民事再生法で格安路線は貫けるのか?

2015年、スカイマークが自力での経営再建を断念し、民事再生法の適用を申請しました。この事は国内で多くのメディアに取り上げられ、海外でも話題となりました。はたして、民事再生法を申請したことで同社はどう変わるのでしょうか。従来からの強い武器であった格安路線は貫けるのでしょうか。

◆民事再生法でスカイマークはどう変わるのか
民事再生法申請後、スカイマークに起こった大きな変化の一つが社長の交代です。かつてLCCにおされ、落ち込みかけていたスカイマークを破綻の危機から救った西久保氏が辞任し、後任として有森氏が就任しました。

通常、民事再生法では経営幹部の刷新は必要ありません。しかし、今回の民事再生法申請の裏には、西久保氏の強引なワンマン経営があったとも言われれており、同氏はその責任をとるかたちでの辞任となったようです。

また、西久保氏が辞任することで新たなスポンサー企業に対して、新しいスカイマークを強くアピールする狙いもありました。しかし後任となった有森氏は、わずか数ヶ月で辞任の運びとなるようです。

ANAの支援参加によって、社長はANAから出すことも決定しました。また、会長はかねてより支援参加が決定していた投資ファンドのインテグラルより出されます。これにより、スカイマークの経営はANA、インテグラルの支援企業が主軸となります。かねてより心配されていた、従業員のリストラについては行わないこともあわせて発表されました。

しかし、路線や運賃に関してはあくまでスカイマーク独自の、安さを重視したスタイルを貫きたい考えです。ANAの支援参加を発表した会見で有森氏も、「インテグラルとANAから、自由に意思決定するようにと言われている」と語っています。

◆あくまでこだわりたい格安路線、実現は可能か?
はたして、有森氏の姿勢は実現可能なのでしょうか。

1998年、大手の半額程度という格安航空券を初めて日本に持ち込んだスカイマーク。同社の参入でかつては高級な乗り物だった飛行機が、現在では安く気軽に乗れる乗り物となりました。より格安と言われるLCCの参入後も、苦戦は強いられるもののLCCでも大手でもない新たな第3極の航空会社として安さとサービスを両立させ、人気を集めていたのが同社の強みだったと言えます。

しかし民事再生法を申請した今、求められるのは早急かつ迅速な経営再建です。サービスも、格安運賃も、とこだわり過ぎていると二次破綻のおそれも出てきてしまいます。

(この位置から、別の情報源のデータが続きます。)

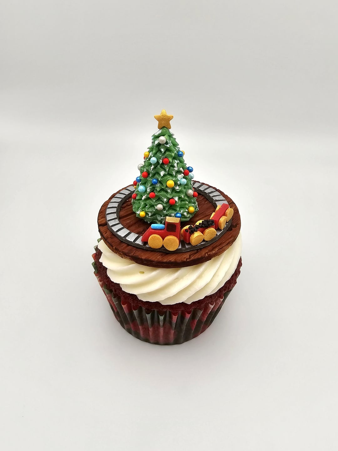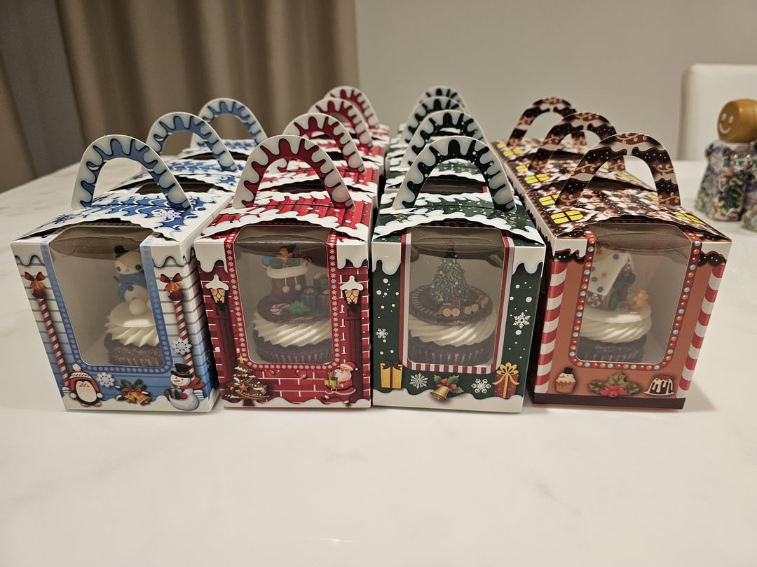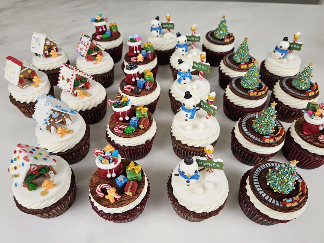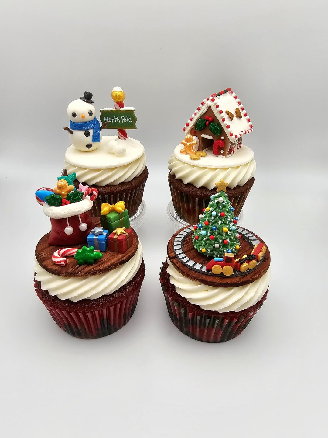 I made these to pass to family and friends for Christmas. Everything is made from scratch, including the modeling chocolate toppers. Everything is edible. The flavors are red velvet and gingerbread with cream cheese frosting 🤤.

しかも、負債の9割はリース料ですので、運航を続けていく以上、収益を増やさない限り、負債はどんどん増え続けていく可能性があるのです。さらに今回、リストラも行わないため、人件費の軽減もそこまで大きくはできないでしょう。

そのような状態で、利益率の低い第3極を続けていくことは難しいのではないでしょうか。大手までの価格帯にはいかないものの、格安航空券と呼べる安さで航空券を販売することは困難なように思えます。

しかし、あくまでスカイマークは格安航空券の販売にこだわりたい考えです。そのためにまずは、利益率の低い路線から撤退を始めました。すでに中部国際空港発着路線の大幅な減便や、那覇発着の宮古・石垣路線からの撤退が発表されています。地方路線を整理し、ドル箱とも呼ばれる羽田発着便に運航を集中することで、格安運賃でも収益を安定したい考えです。

ただし、これは地方にとって路線の撤退は大きな痛手です。観光客の激減や、交通の便の悪化など影響は非常に大きく、スカイマークに依存する神戸空港や米子空港などでは不安が広がっています。このような地方の声と格安路線の両立も、課題の一つと言えるでしょう。

ANAが支援に参加したことで、ある旅行会社の幹部は「価格競争はゆるむのではないか。エア・ドゥなどにANAが出資した後は、価格競争は明らかに減った」と語ります。
スカイマークが、ギリギリまで同業他社からの支援に対し、首を縦に振らなかったのも、ここに理由があったようです。

ANAの支援を受け、ANAからきた社長をすえながらも、ANAと価格競争を行うという、一見無謀な道を歩み始めたスカイマーク。大手やLCCとの差別化が、これからの課題になっていきそうです。